Con nelle mani questa stessa lampada, cristiani di Slovenia, dirigetevi ora coraggiosamente, quali pellegrini di speranza, verso il terzo Millennio cristiano per costruire una società riconciliata che garantisca pace e concordia ai vostri figli. È questo il cordiale augurio che vi rivolgo in quest’ora tanto significativa: lo rivolgo a voi, cari bambini, che portate ancora intatto nel cuore lo stupore per il mondo e per la vita; a voi, giovani e ragazze, che guardate verso l’avvenire con trepidante attesa; a voi, donne e uomini, che costituite le colonne portanti della Nazione slovena; a voi, anziani, che, nonostante il declino delle forze, potete ancora offrire tesori di saggezza per il bene della comunità; a voi, malati, che partecipando alla croce di Cristo contribuite alla salvezza del mondo; e infine a voi, Sloveni, venuti da diverse parti del mondo per salutarmi nella vostra terra d’origine e rendere con me gloria a Dio per la libertà ritrovata.

A tutti va il mio saluto affettuoso, che estendo ai cristiani della Chiesa ortodossa, della Comunità evangelica, ai membri di altre Comunità ecclesiali, nonché ai fedeli musulmani. Saluto pure i membri delle minoranze etniche, i profughi della guerra e coloro per i quali la Slovenia è la patria o solo il luogo di una dimora temporanea. Il mio cordiale ricordo giunga agli Sloveni che si trovano oltre confine e in ogni angolo del mondo; ad essi auguro di conservare intatta la fede in Dio e la fedeltà alla Patria.

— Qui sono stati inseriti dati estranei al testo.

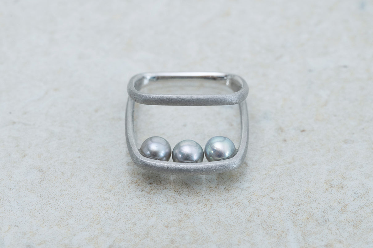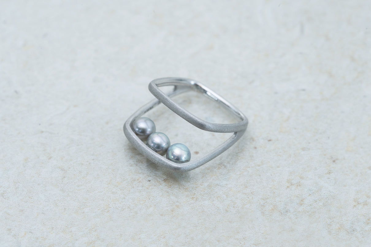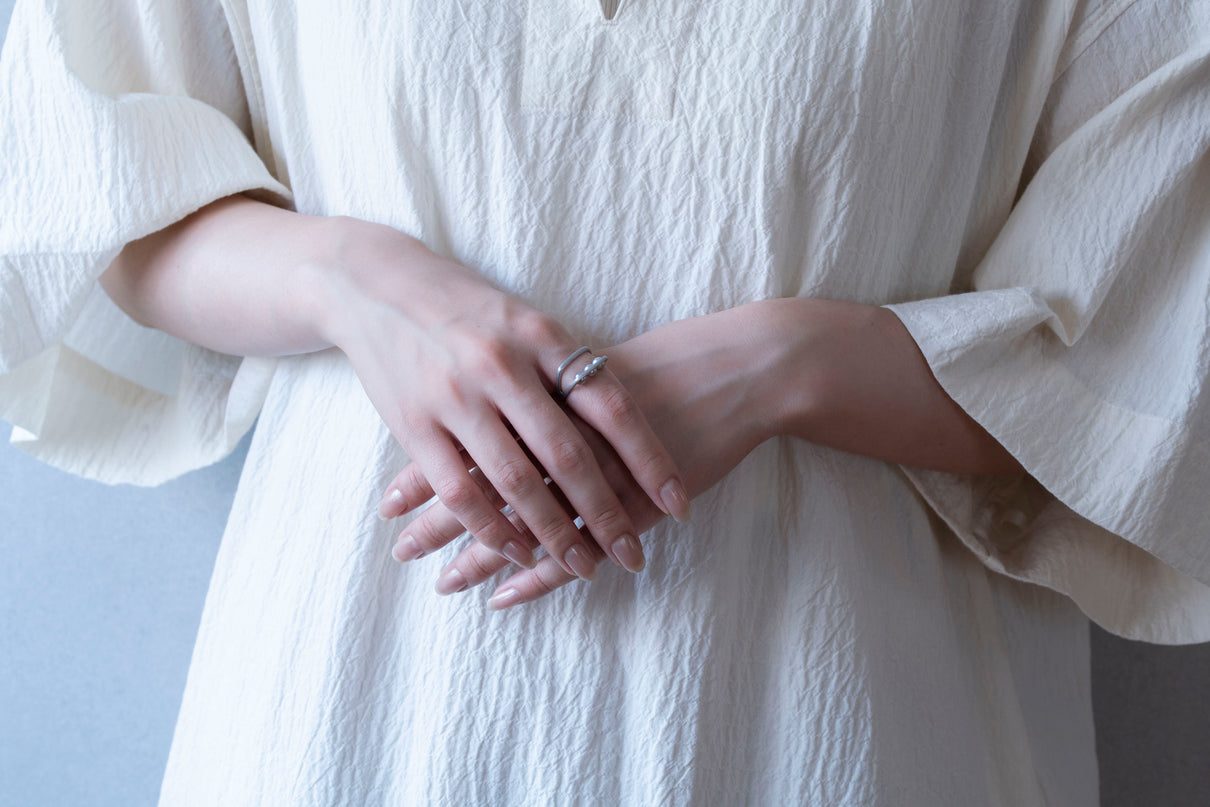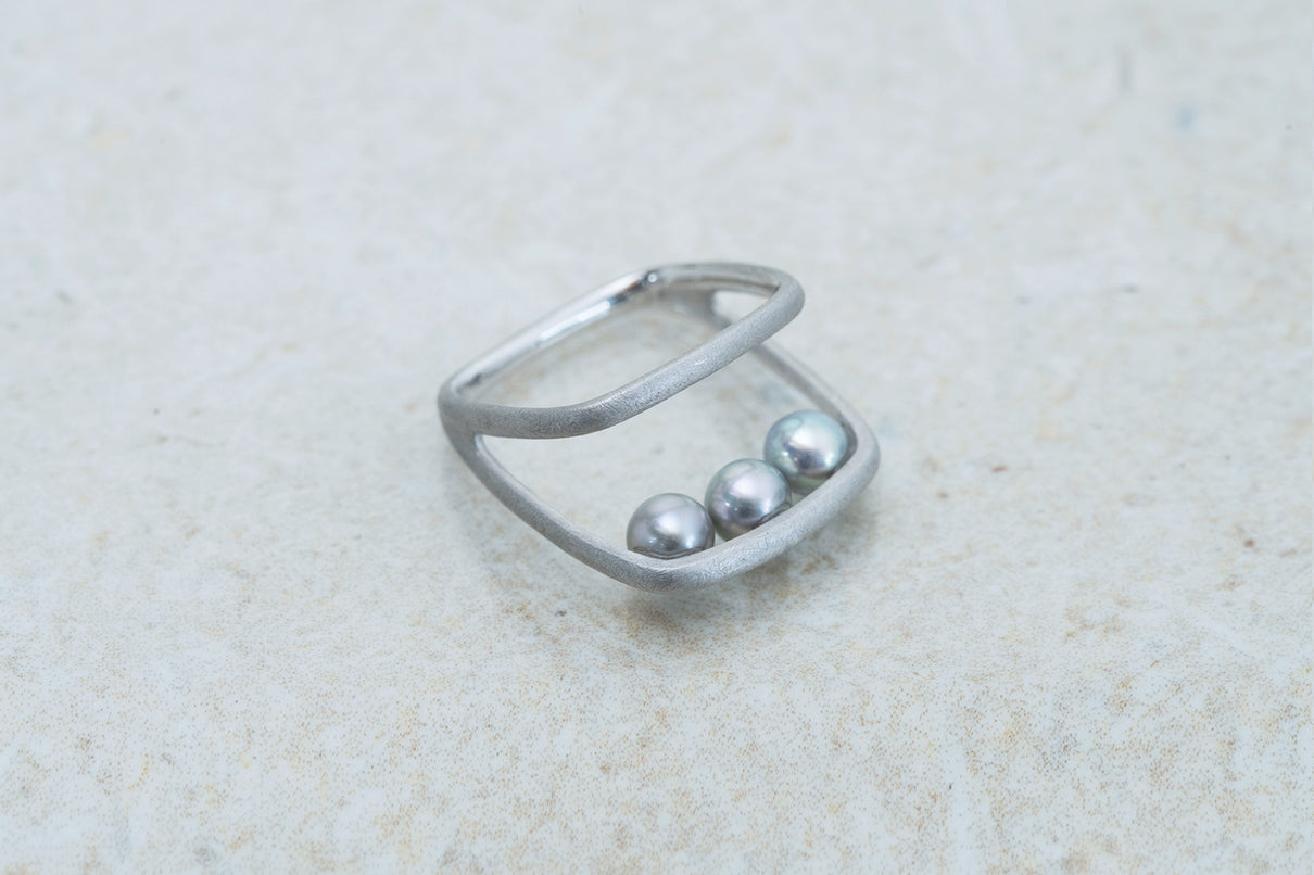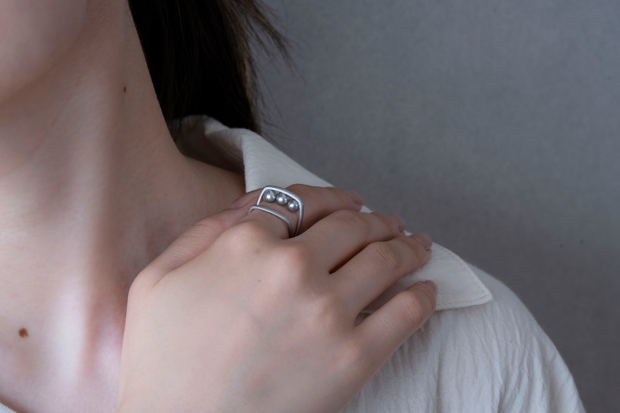 Syami ringのフォルムを生かし軽やかなダブルアームにデザインしたリング。身につけると2本のリングを纏っているような空間が生まれる、建築的な構造が魅力です。片側のアームに高さを持たせ、内側に三粒の艶やかなパールをあしらうことで、シンプルながらユニークな存在感が生まれました。生産量が減少傾向にあり、入手が困難なグレーパール。そのため、こちらのグレーパールのデザインは数量限定でのお仕立てとなります。表面はマットテクスチャーを施した柔らかな仕上げ。四角いフォルムのリングは回りにくく、また光沢仕上げをした内側は指に沿うよう緩やかなカーブを描いており、そのなめらかなフィット感は身に付けるのが楽しみになる程。気兼ねなくデイリーに楽しむリングとしてもお勧めです。本商品は約12号 , 約15号の2サイズ展開です。(四角いリングのためサイズ直し不可となります。)

Un sincero ringraziamento per la squisita ospitalità rinnovo a Lei, Signor Presidente della Repubblica Slovena, alle Autorità civili, ai diversi organismi di vigilanza, di servizio d’ordine e di pronto soccorso, come pure a quanti hanno reso possibile questa mia Visita.

Rinnovo un fraterno saluto ai Confratelli nel ministero episcopale che, insieme al Metropolita Alojzij Šuštar, operano nella Chiesa che è in Slovenia in stretta collaborazione con i sacerdoti, i religiosi, le religiose, i laici.

A tutti di cuore, grazie!

Dio benedica la Slovenia, i suoi abitanti ed il loro impegno per la giustizia, la solidarietà, la pace!